题目:Gas Station
主要的考察点很明确就是图的最短路径,我的思路是这样,利用Dijkstra求出每个候选点到所有房屋的最短路径,每个候选点都找到最短路径中最短的那个,同时也计算出平均路程,然后根据这些最短路径和平均路径,选出符合题目要求的那个Solution。
注意点:这道题的给定的样例有点问题,平均路径的输出结果看起来是要四舍五入的,但是这样写最后一个测试点又通不过。

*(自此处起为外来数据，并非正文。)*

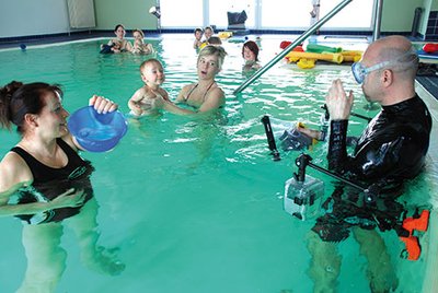 An dieser Stelle kommt Henrik Eilers ins Spiel. Der 48-jährige Schweriner fotografiert seit drei Jahren vom Beckenrand Kinder und ihre Eltern beim spielerischen Treiben. Höhepunkt jedes Fototermins sind allerdings die Aufnahmen unter Wasser. Für die steigt Henrik Eilers mit seiner wassergeschützten Canon EOS in das mollig warme Bad und schiebt seine Taucherbrille zurecht. Kursleiterin Uschi Krause bereitet das zu fotografierende Kind mit kleinen Wassergüssen auf den Tauchgang vor. Danach geht alles blitzschnell. Für einen kurzen Moment nur tauchen Kind und Fotograf unter die Wasseroberfläche. Erleichterung auf beiden Seiten, wenn die Eltern ihren Schützling wohlbehalten wieder im Arm halten und der Fotograf ein gutes Motiv vorweisen kann. Circa 2.500 Unterwasser-
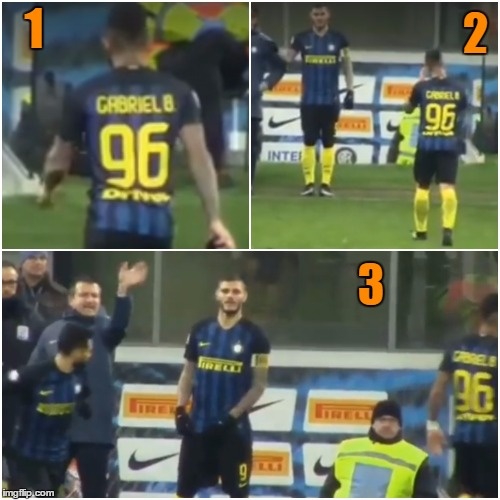 2-Icardi waves at Gabi telling him he should go left and shake Candreva’s hands.
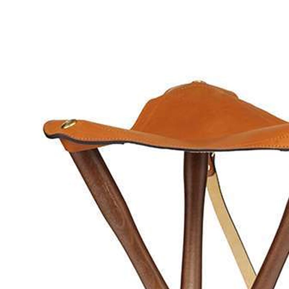 เก้าอี้ไม้พร้อมที่นั่งหนังเก้าอี้กลางแจ้งเก้าอี้สามขาเก้าอี้ล่าสัตว์
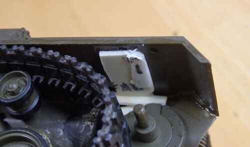新旧M48入り乱れての製作記になってしまってます 分かりにくくまた見にくいと思いますがご容赦の程を<(^^;)> 【旧の方の車体です】 とにかく履帯です この弛みを何とかしなければなりません 取り敢えず上の浮き上がりを抑えようと、フェンダー下にプラ板を…
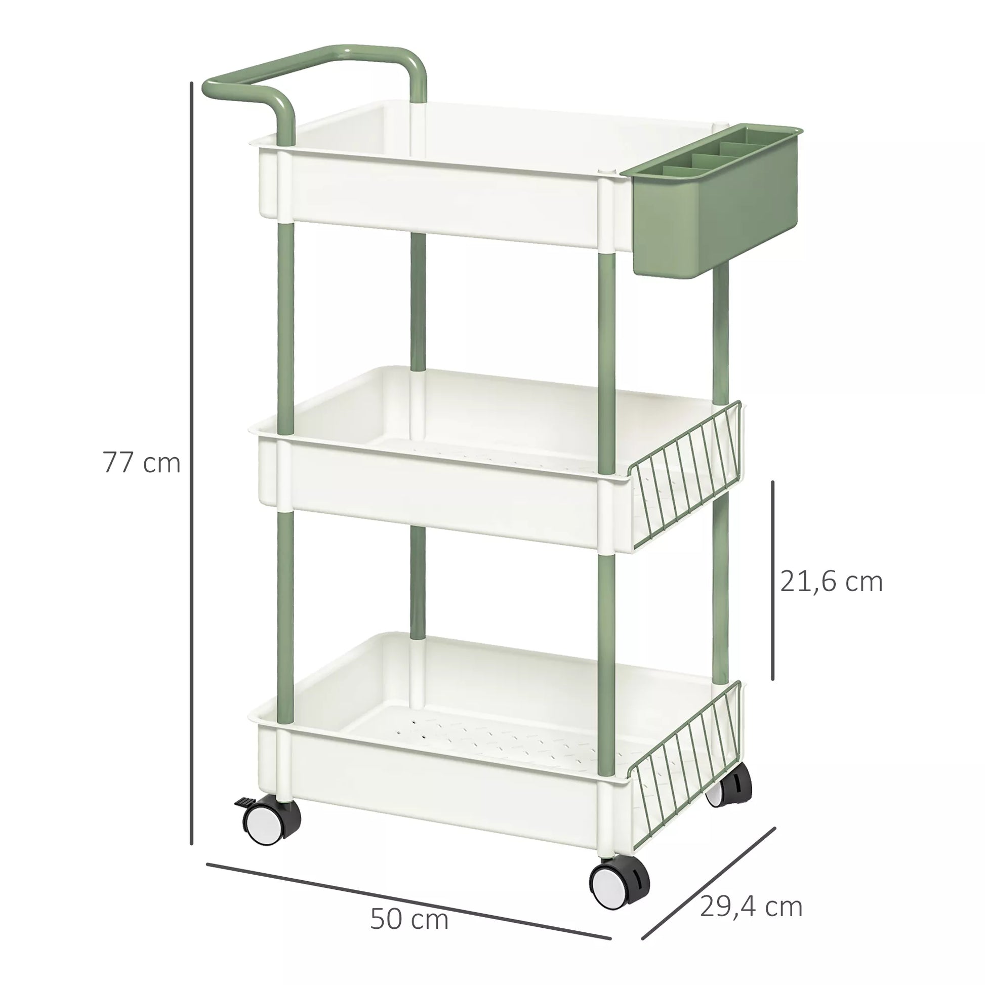 Vežimėlis, 3 lentynos, pakabinamas krepšys, stumdoma rankena, 4 ratukai, metalo rėmas, baltas, 50 x 29,4 x 77cm
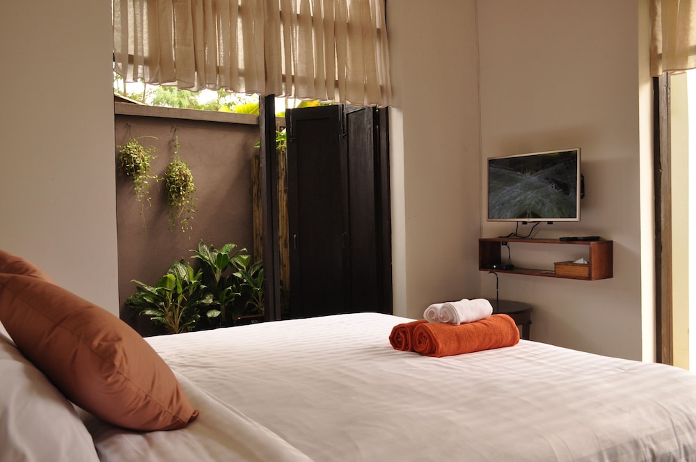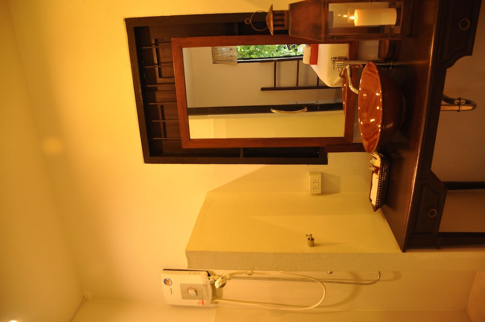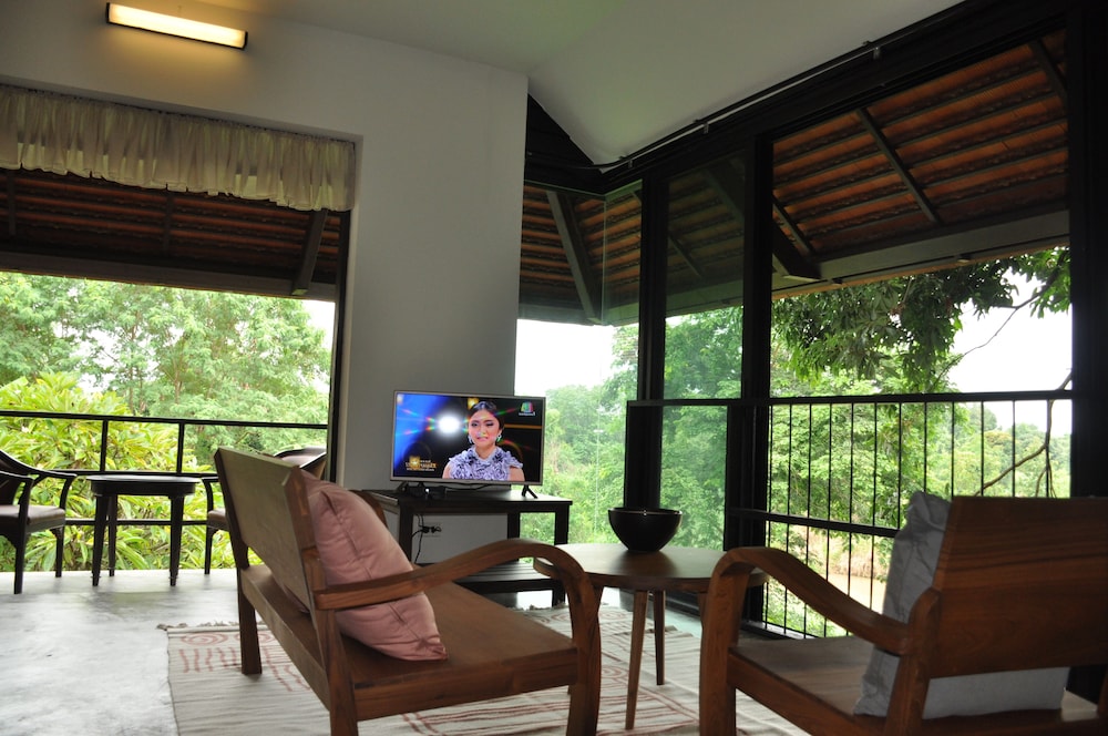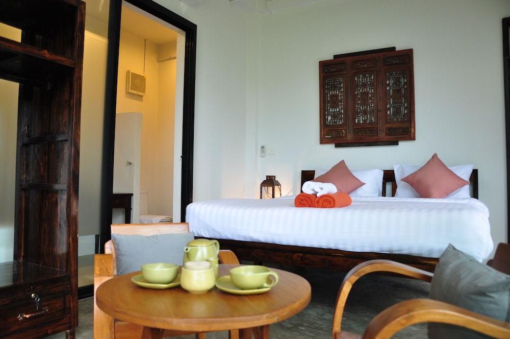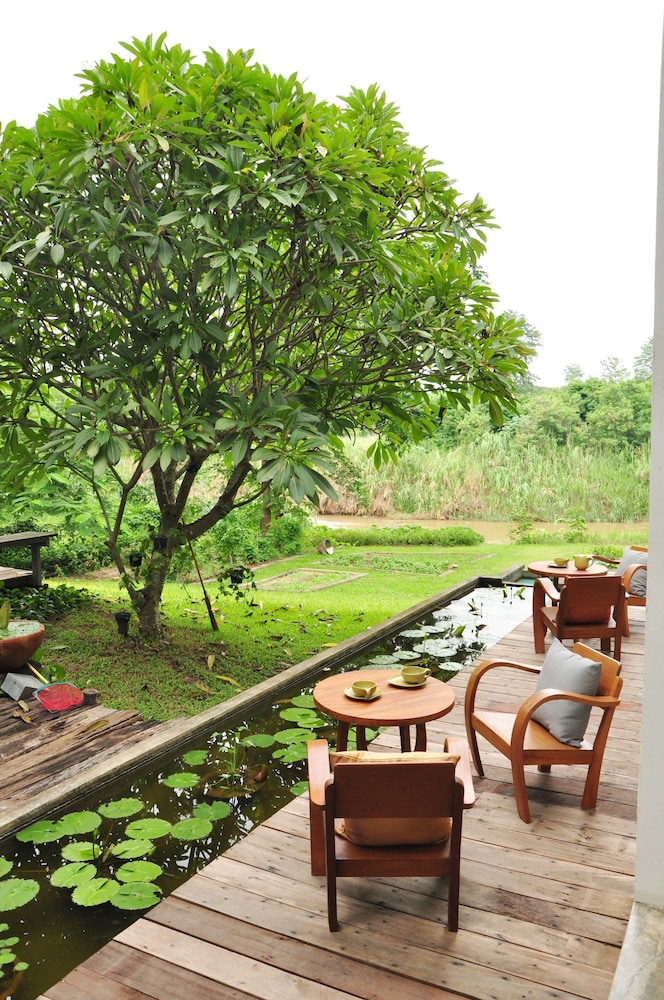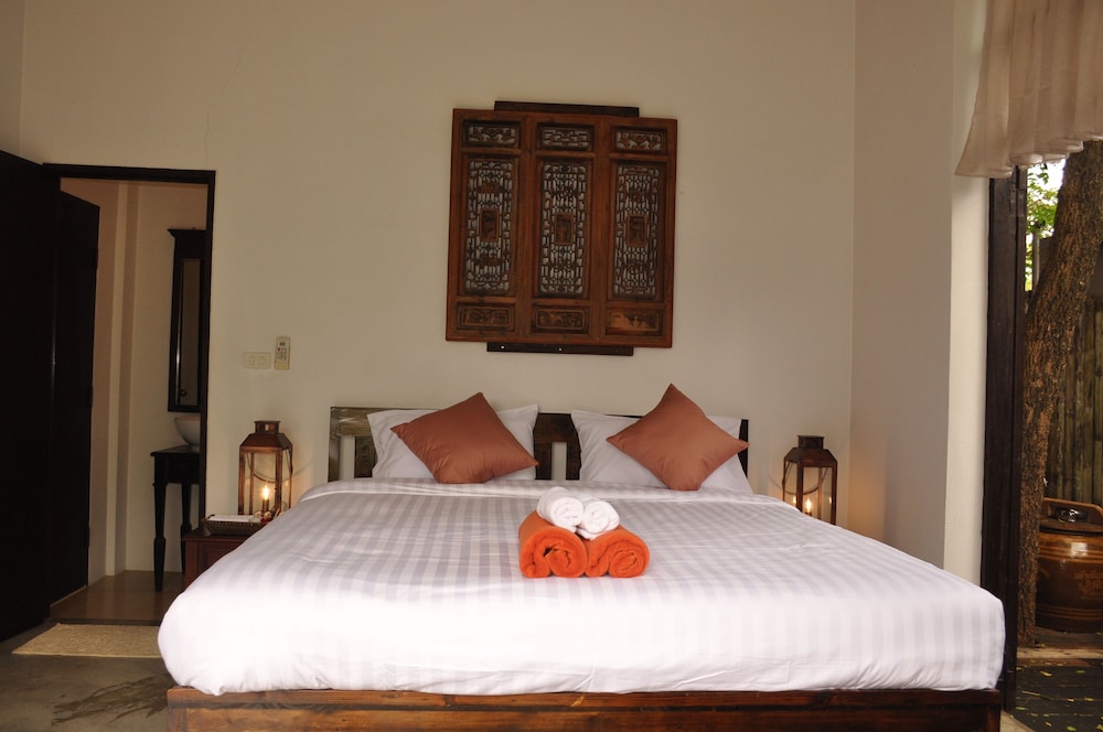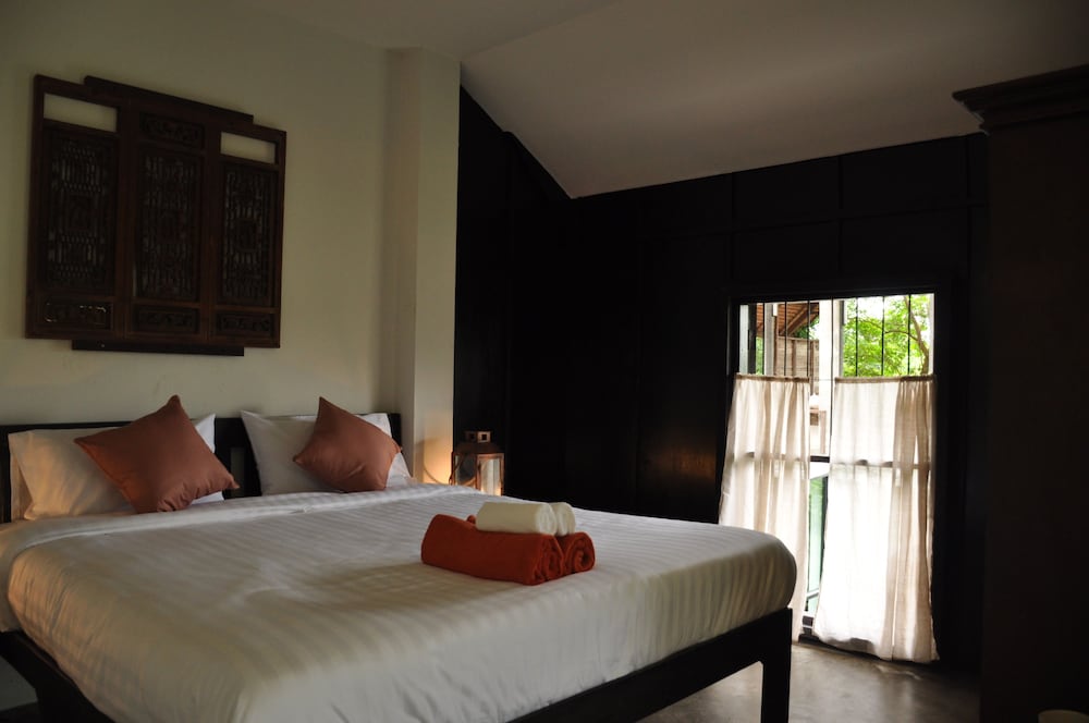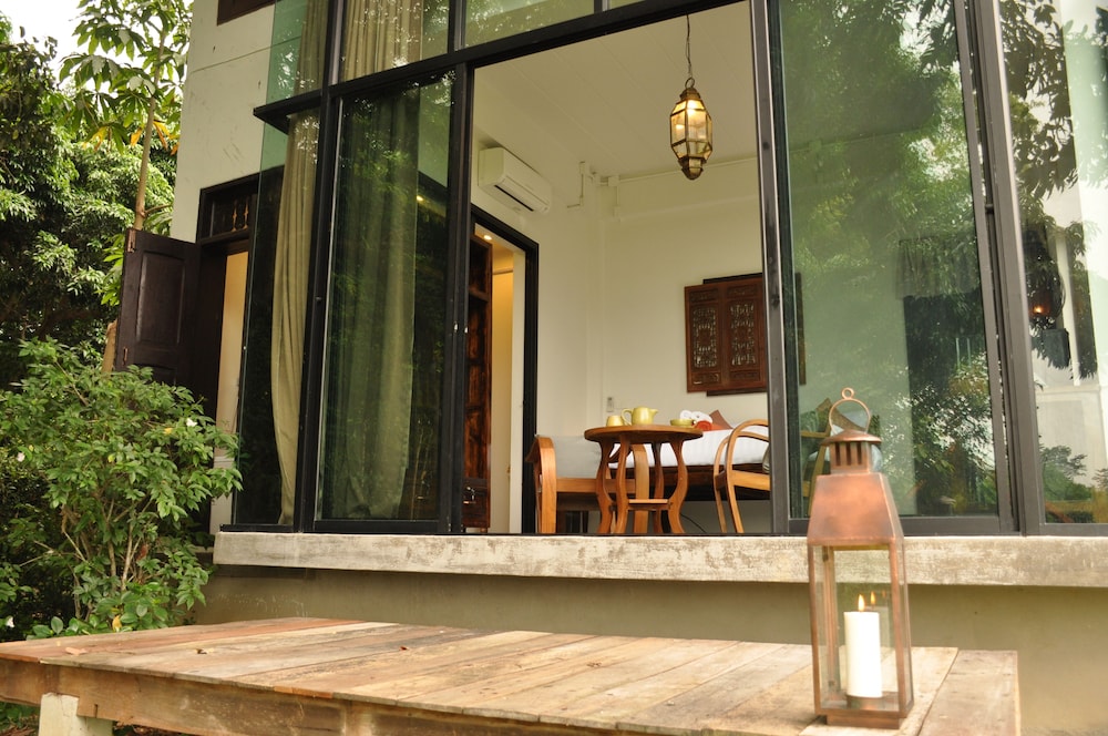 This is a beautifully designed small guest house in a remote but beautiful location. The housekeeper who speaks Thai talked through a translation app but was lovely friendly and helpful. I had a little difficulty as the owner had told her to put me in the wrong room, but I did get moved. The room with the terrace or the balcony facing the river are best. The basic room has no windows. There is no food so bring your own and bring in a very rural location it’s a bit buggy. But on the flip side the wildlife, design of the garden and river access were second to none.
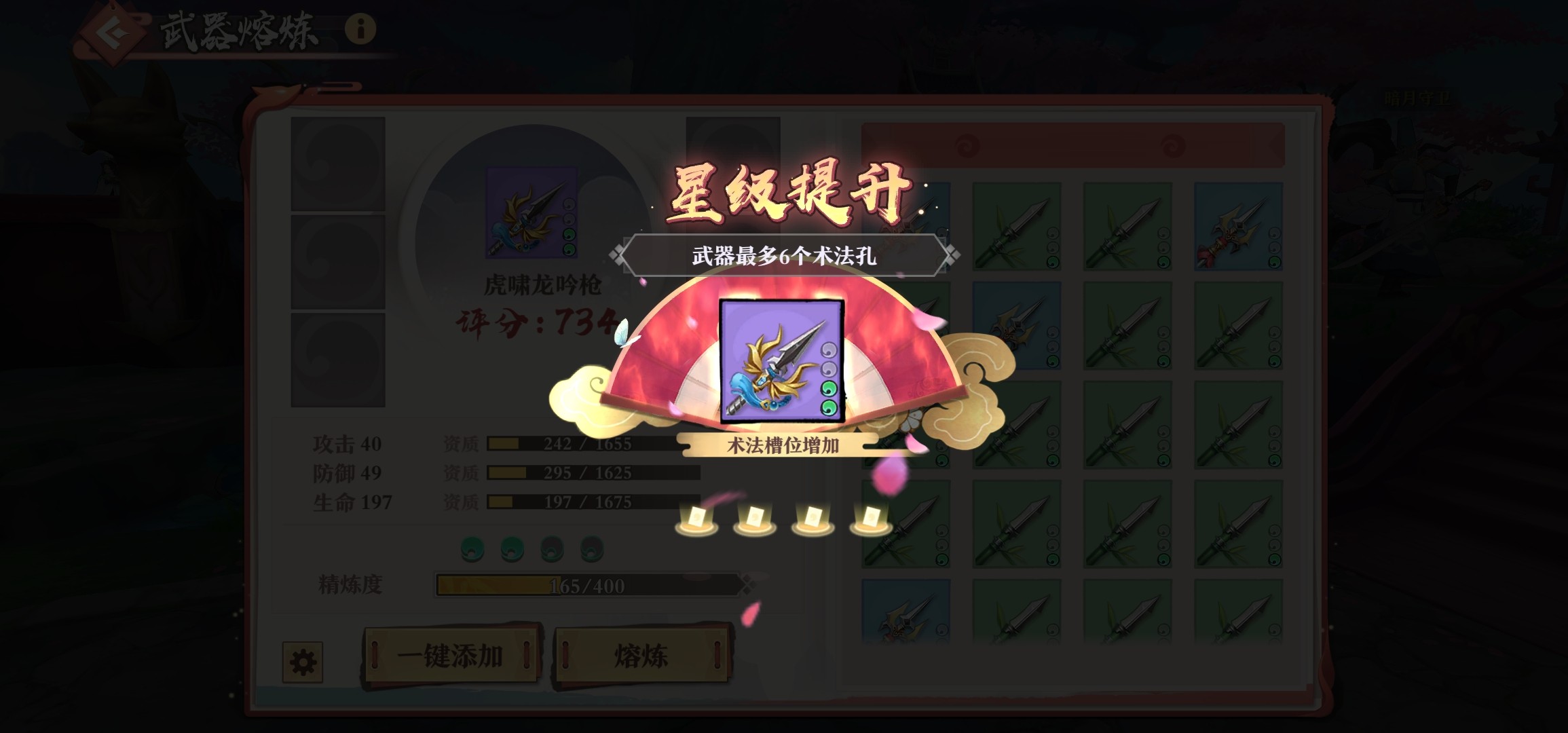 狐妖小红娘手游武器星级怎么提升?武器星级的提升就意味着术法槽孔的增加。不同品质的武器的上线星级不一样,术法槽孔的数量也不一样。下面小编就为玩家带来狐妖小红娘手游武器星级快速提升技巧,一起来看看吧。武器星级快速提升技巧武器星级怎么提升当精炼度满了之后,武器的星级
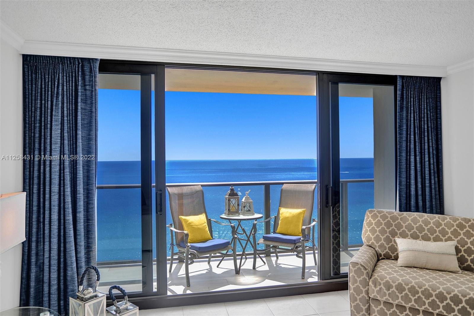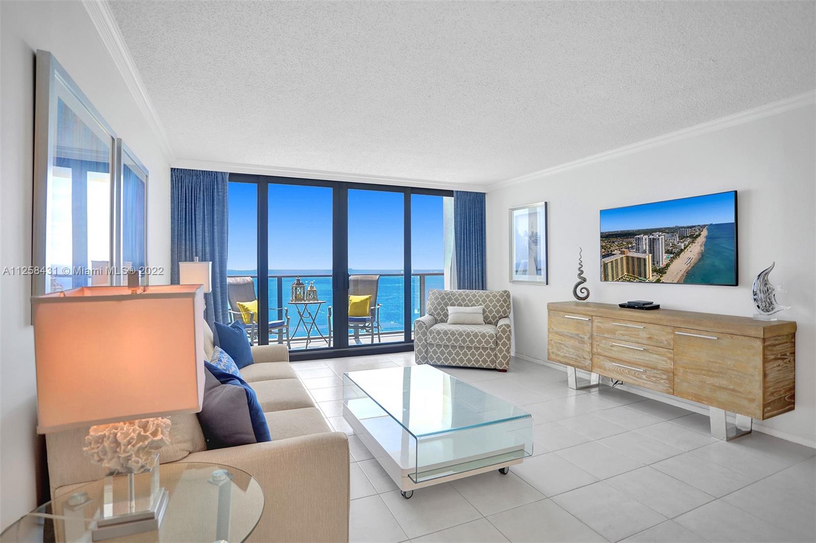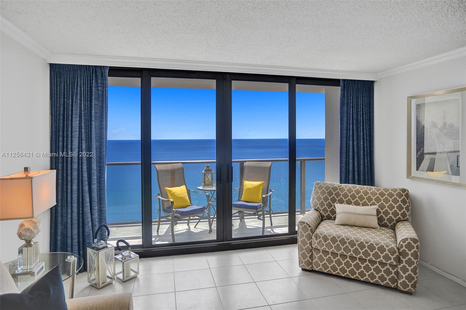 Direct Ocean Views from the 17th floor will take your breath away! Enjoy turquoise colors of the ocean from your large Balcony-terrace Rarely available unique residence will be your one-of-a-kind Oasis on the Beach! Newly ewmodeled building, glass balconies and hurricane proof windows, lobby redone by Steven G Interiors. Building amenities includes: two infinity pools, GYM, Beach Services. Perfectly located in the heart of Hollywood Beach, walk to famous Hollywood Beach boardwalk with many restaurants and shops, life concerts and more. Just a minutes drive to Aventura and Bal Harbour Malls, Fort lauderdale International Airport.

(PS:输出并没有要求四舍五入,但这个样例的误导就很难受)
代码:
#include <bits/stdc++.h>
#define INF 0x3f3f3f3f
using namespace std;
const int maxN = 1100;
int n,m,k,md,ds;
int graph[maxN][maxN];
struct Gas{
int id;
double minDis,avgDis;
explicit Gas(int id,double minDis,double avgDis){this->id = id;this->minDis = minDis;this->avgDis = avgDis;}
};
vector<Gas> candidate;
auto cmp = [](Gas a,Gas b){return a.minDis == b.minDis ? (a.avgDis == b.avgDis ? a.id < b.id : a.avgDis < b.avgDis) : a.minDis > b.minDis;};
void dijkstra(int c){
int marked[maxN]{0},dist[maxN]{0};
for(int i = 1;i <= n+m;i++) dist[i] = graph[c][i];
marked[c] = 1;
for(int i = 1;i <= n+m;i++){
int ks = -1,minV = INF;
for(int j = 1;j <= n+m;j++){
if(!marked[j] && dist[j] < minV) ks = j,minV = dist[j];
}
if(ks == -1) break;
marked[ks] = 1;
for(int j = 1;j <= n+m;j++){
if(!marked[j]) dist[j] = min(dist[j],dist[ks] + graph[ks][j]);
}
}
int sum{0},flag{0},minDis = INF;
for(int i = 1;i <= n;i++){
sum += dist[i];
if(dist[i] > md) {flag = 1;break;}
if(dist[i] < minDis) minDis = dist[i];
}
if(!flag){
Gas gas(c-n,double(minDis),sum * 1.0 / n);
candidate.push_back(gas);
}
}
int main() {
scanf("%d %d %d %d",&n,&m,&k,&md);
memset(graph,0x3f,sizeof(graph));
char v[5],w[5];
while(k--){
scanf("%s %s %d",v,w,&ds);
int a = v[0] == 'G' ? n + atoi(v+1) : atoi(v);
int b = w[0] == 'G' ? n + atoi(w+1) : atoi(w);
graph[a][b] = graph[b][a] = ds;
}
for(int i = 1;i <= m;i++) dijkstra(n + i);
if(candidate.empty()) printf("No Solution\n");
else{
sort(candidate.begin(),candidate.end(),cmp);
Gas ans= candidate.front();
printf("G%d\n%.1f %.1f\n",ans.id,ans.minDis,ans.avgDis);
}
return 0;
}
因为候选点很少(<=10),所里偷懒用了排序。